Project 1: Pathobiology of Hepatic Epithelia
The long-term objective and specific aim of this project in Dr. LaRusso's Cholangiopathies lab is to test the central hypothesis that normal sensory and transducing activities of cholangiocyte cilia are disrupted in cystic liver disease, leading to altered intracellular signaling and modified miRNA expression, resulting in cholangiocyte hyperproliferation, ductal dysmorphogenesis and hepatic cyst formation.
The specific aims of the hepatic epithelia project are to test three hypotheses:
- Biliary exosomes bind to cholangiocyte cilia with involvement of polycystin 1 (mutated in ADPKD) with or without fibrocystin (mutated in ARPKD), affecting intracellular signaling (cAMP, Hh) and miRNA expression (miR-15a).
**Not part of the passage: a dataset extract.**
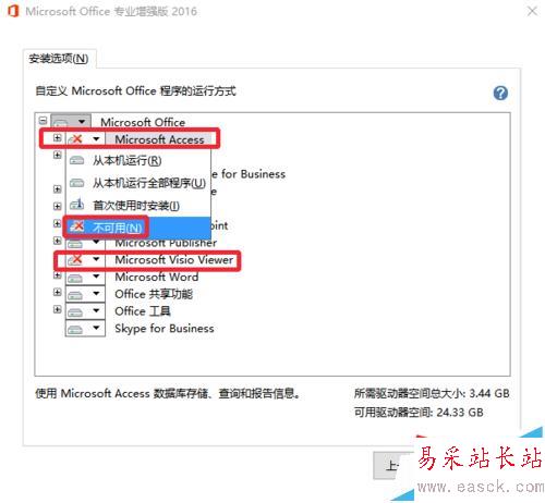 Office 2016英文版怎么自定義安裝所需要的組件?

- In cystic cholangiocytes, elevated cAMP reduces expression of miR-15a via transcriptional activation of the CREB-ICER-CRE pathway, causing miR-15a target proteins (Cdc25A, Ptc, Erk1) to increase, leading to hyperproliferation.
- Pharmacologic targeting of MEK, Smo and Cdc25A, components of the cAMP, Hh, and cell cycle machinery, respectively, inhibits cholangiocyte hyperproliferation in vitro and reduces hepatic cystogenesis in vivo in rodent models of ARPKD and ADPKD.